Центурион смущенно мялся на месте, потом сделал несколько шагов.
— Матрона, я не причиню насилия ни тебе и никому из присутствующих. Ты можешь поступать, как тебе заблагорассудится. — Она дико взглянула на него и с воплем бросилась к нему, замахнувшись. Он отвел ее руки, и она, пошатнувшись, упала на него.
Сирийский философ, выходивший вместе с Пизоном, возвратился и бросил насмешливым тоном:
— Ему вскрыли вену. Он умирает, как откормленный баран.
— Случается умереть и худшей смертью, — заметил центурион. — Например, как умирает изголодавшаяся овца. Это бывает чаще. — Он с любопытством посмотрел на полуобнаженную женщину с распущенными пышными волосами, плачущую у него на груди.
— Его завещание на том столе, — продолжал философ. — Тебе следует его отнести твоему повелителю.
— Значит, он не твой повелитель? — небрежно спросил центурион, внимательно приглядываясь к философу с еле заметной дружелюбной улыбкой.
— Я не признаю никаких повелителей, божественна только вселенная, и мы подвластны лишь ее законам.
Центурион разглядывал его, как невиданного зверя.
— Я не понимаю философии. Я ничего не слышал. Но, может быть, ты поможешь мне унять эту женщину? Она всего меня залила слезами. Я и не представлял себе, в каком щекотливом оказываешься положении, когда женщина обливает слезами тебе колени.
— Служанки разбежались со страху. Я крикну их, — сказал философ и вышел.
Все слуги убежали смотреть, как умирает в ванне их хозяин. Клиенты и сторонники Пизона разошлись беспрепятственно. Центурион наклонился и приподнял голову Аррии.

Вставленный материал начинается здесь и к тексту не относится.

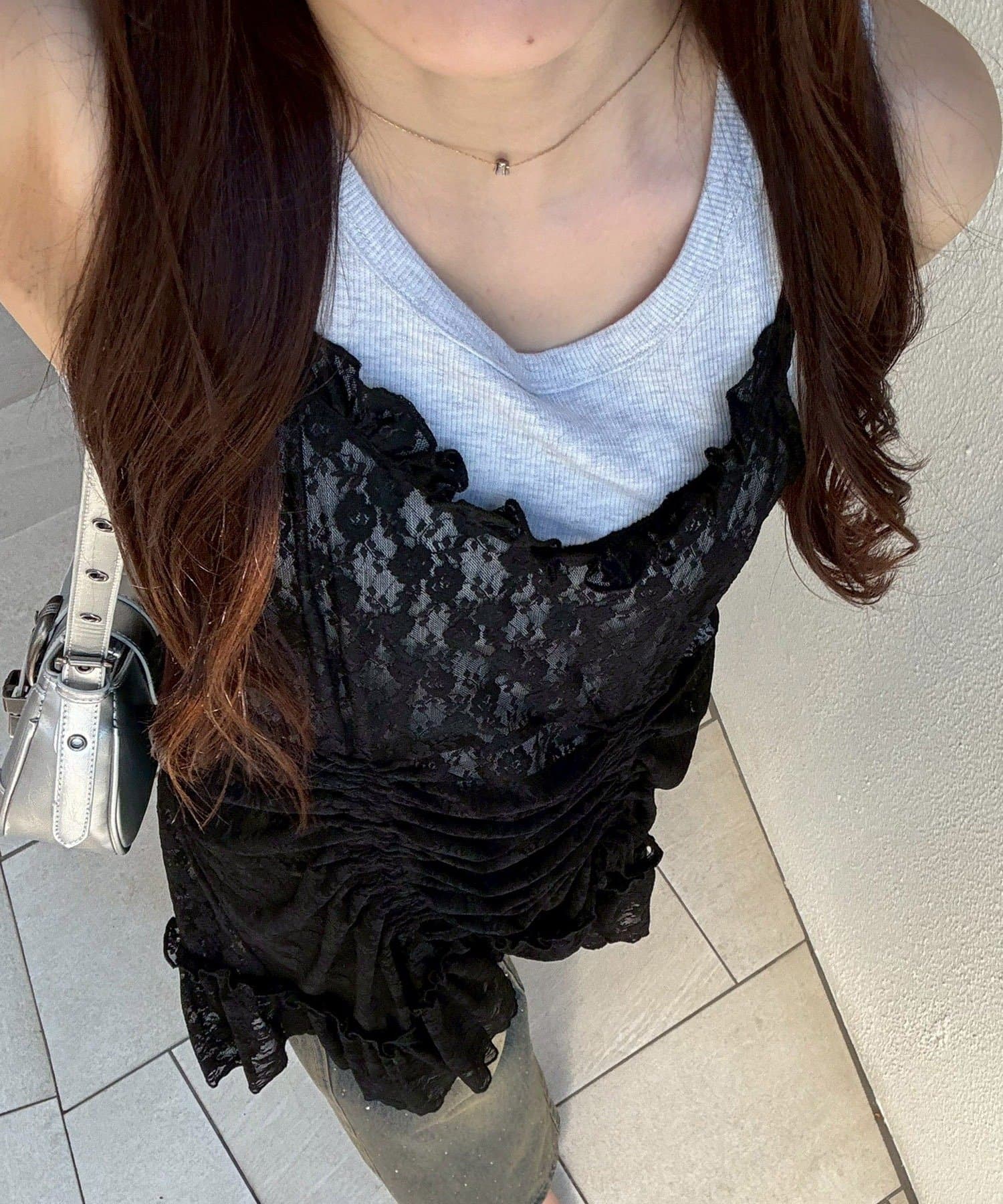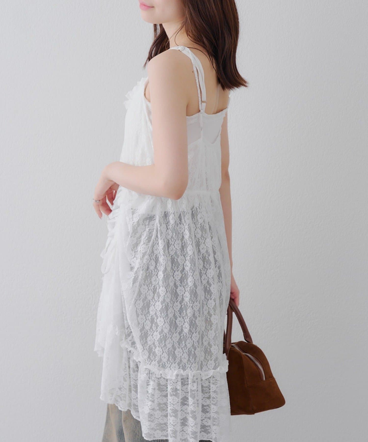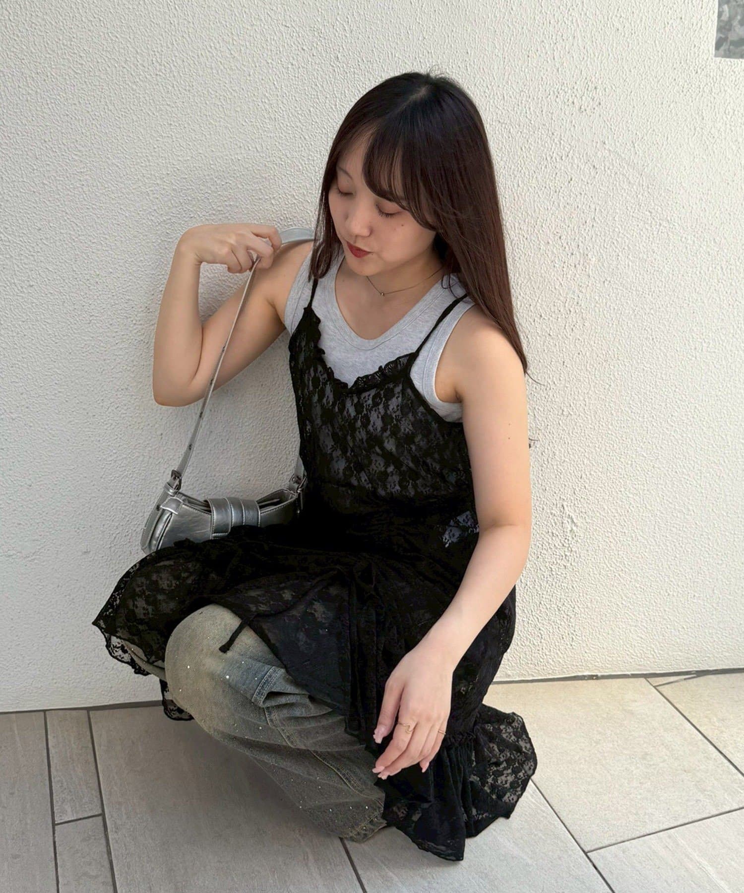 Remind me and forever(リマインドミーアンドフォーエバー) 【レイヤードを楽しむならコレ!】レースドロストキャミワンピース

— За что ты так его любила? — мягко спросил он. — Мне хотелось бы, чтобы меня так любили. Но умереть я желал бы иной смертью. Впрочем, для этого у меня едва ли хватит средств. — Аррия тихо простонала. — Ты слишком нагрела мне колени, — заметил он, пытаясь ее отстранить. — Ты чересчур мягка. Понимаешь ли ты, что я принес смерть твоему мужу? Ты смущаешь меня. Отпусти меня, женщина. — Она вздыхала и стонала, крепко его обхватив. Но вот подбежали две служанки и увели ее. Центурион подался назад, потирая себе голые колени.
Вошел сириец.
— Пизон умер. Он был все-таки добрый человек.
— Безумец, — сказал центурион. — Такая доброта не в моем вкусе. Но он умел выбирать женщин.
С Пизоном обошлись милостиво благодаря его древнему имени. Латеран был арестован трибуном Стацием Проксимом, и ему было приказано тотчас покинуть дом. Он попросил разрешения проститься с женой и детьми.
— Нет, — ответил Проксим, — разве ты не мог это сделать неделю назад, вчера вечером, сегодня утром?
Тогда Латеран попросил предоставить ему выбрать себе смерть, на что он имел право по своему положению.